National Science Board Chairman Eamon Kelly, in his written and oral testimony, directly addressed the level of federal R&D funding. He said the “minuscule proportion of the total Federal budget devoted to research indicates a mismatch between our interpretation of the past and our commitment to the future.” He strongly supported the administration’s request for NSF, and said that it was “overdue - and needed - but just a start.” In her oral testimony, Colwell described the importance of NSF’s support to 200,000 individuals every year, and briefly reviewed proposed new starts in the FY 2001 request.
It was the funding for these four initiatives, and other foundation priorities, that Walsh and some of his colleagues questioned a number of times. He told Colwell that his questions should not be viewed as criticism, but as information gathering. Walsh wanted to know how NSF determines its priorities and initiatives. In response to a question from him, Colwell said, “with total candor,” that the Office of Management and Budget never pushes a priority on NSF. It is, she said, “about as democratic a process as one can wish.” Walsh asked what was being phased-out to pay for the initiatives. Colwell used his question to explain that NSF works on the cutting-edge, and that it is natural to phase out money for some research. Chairman Walsh, however, did not seem entirely convinced, saying that subcommittee members had been told by some researchers about “areas of base funding that may be sacrificed” to enable other spending. He cited, as an example, NSF funding for a major Cornell physics facility. “What do I tell them?” Walsh asked. Colwell replied that researchers should “reach out” to cross- disciplinary programs, for which money has increased.

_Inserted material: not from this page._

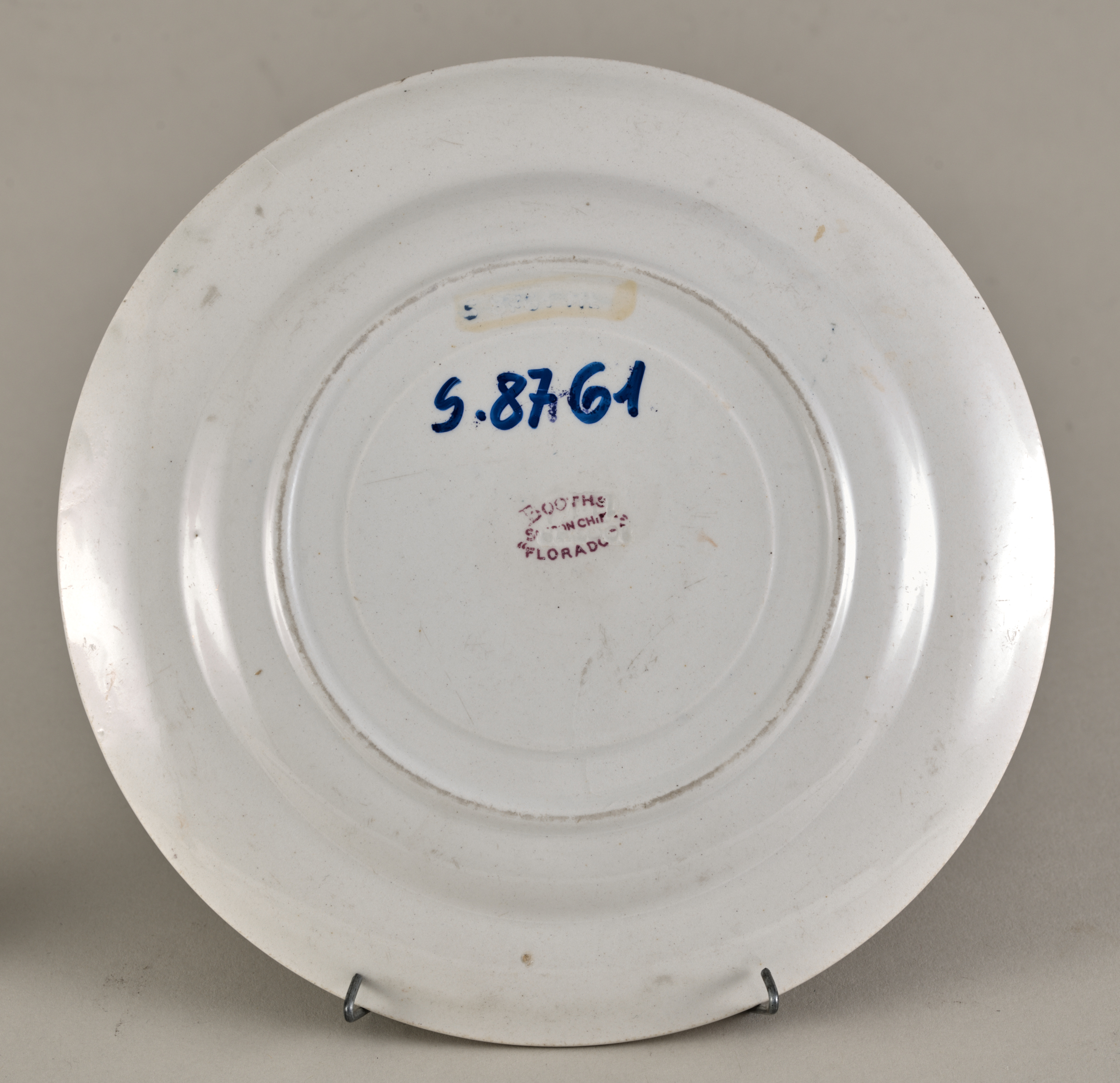 Rewers talerzyka posiada płaską podstawkę, a na jej środku widnieje stemplowana w masie sygnatura producenta „BOOTHS” (dalsza część odcisku - nieczytelna) na nią nałożono stempel w kolorze bordowego karminu: „BOOTHS/SILICON CHINA/”FLORADORA”. Szkliwo cienkowarstwowe, przejrzyste, pozbawione spękań.
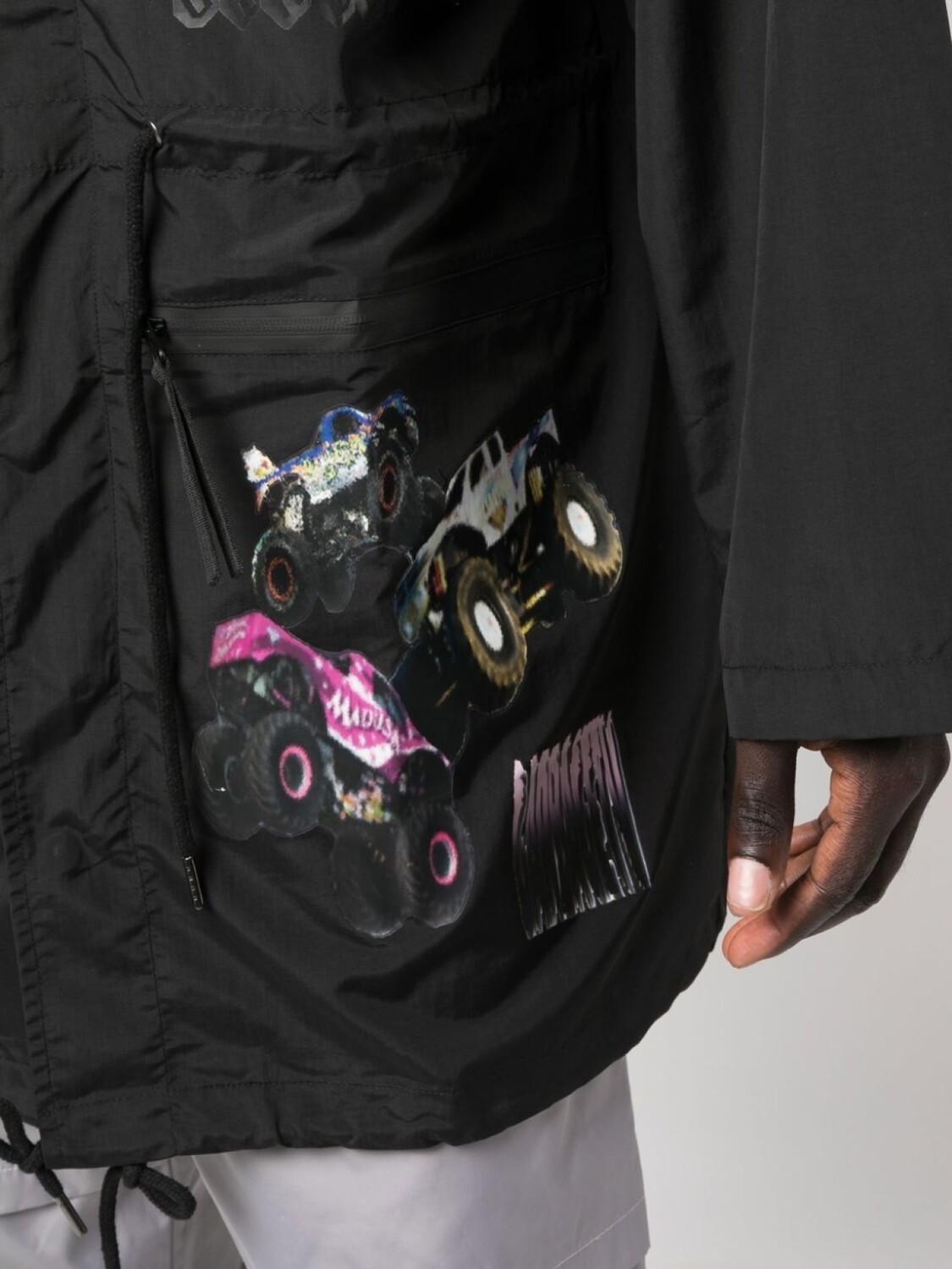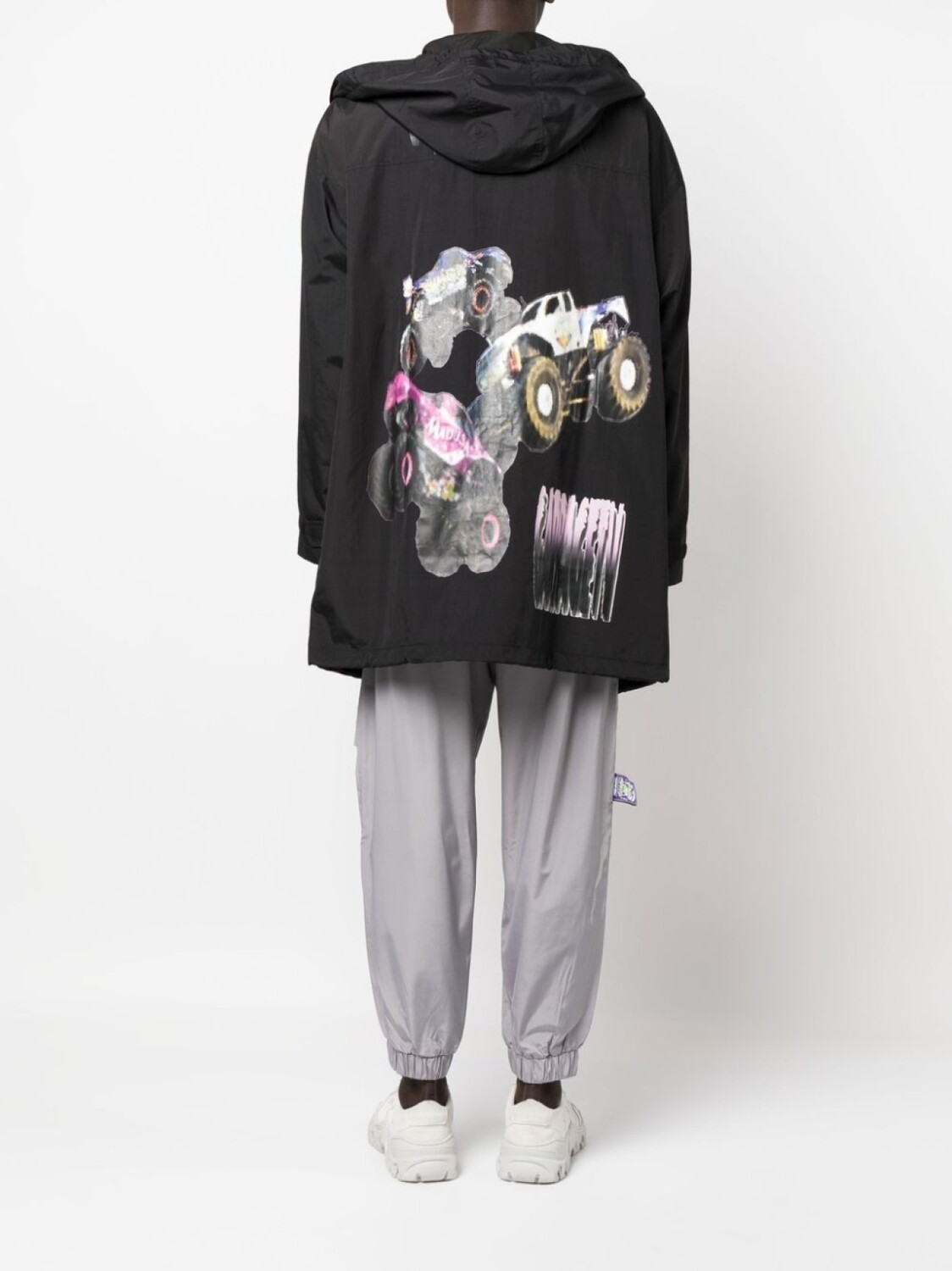 черный графичный принт спереди графичный принт на спине классический капюшон длинные рукава застежка на молнии спереди длина выше колена

Ranking Minority Member Allan Mollohan (D-WVA) wanted to know about NSF’s future funding plans. Colwell told him that the foundation’s budget was to at least double over five years. He asked if this was on paper, and was told that it was, asked for a copy of the plan. Colwell also described the coming use of new technologies that she and her senior staff said would mean a new way of managing the agency in areas such as proposal review.
In response to other questions, Colwell described the decline there has been in funding for physics, chemistry, and engineering, cautioning that fundamental research in these areas leads to new technologies. Other members wanted to know about foundation support of minority institutions, the technology transfer that occurs when people change jobs, the involvement of scientists in local school systems, the distribution of NSF grants, EPSCoR, technical training programs in community colleges, the distribution of money to museums, foundation programs to examine what seems to be the “coarsening of society,” and systemic educational reform. New subcommittee member Virgil Goode (now Independent, but sitting with the Republicans - VA) asked a series of detailed questions about the foundation’s Research and Related Activities program. He wanted to know how many requests the NSF receives and how many it funds, if any of its proposal reviewers are paid (they are not), and how many of the reviewers are from private industry. He asked Colwell for a list of the top 2,000 institutions receiving NSF funding.
The hearing adjourned without concluding remarks from Walsh or his colleagues on the outlook for the overall foundation request. At one point, Rodney Frelinghuysen (R-NJ) said that NSF and NIH are the “favorite institutions in the Congress,” and this hearing demonstrated the high regard which members hold for the foundation. It is still too early to predict how this will all turn out.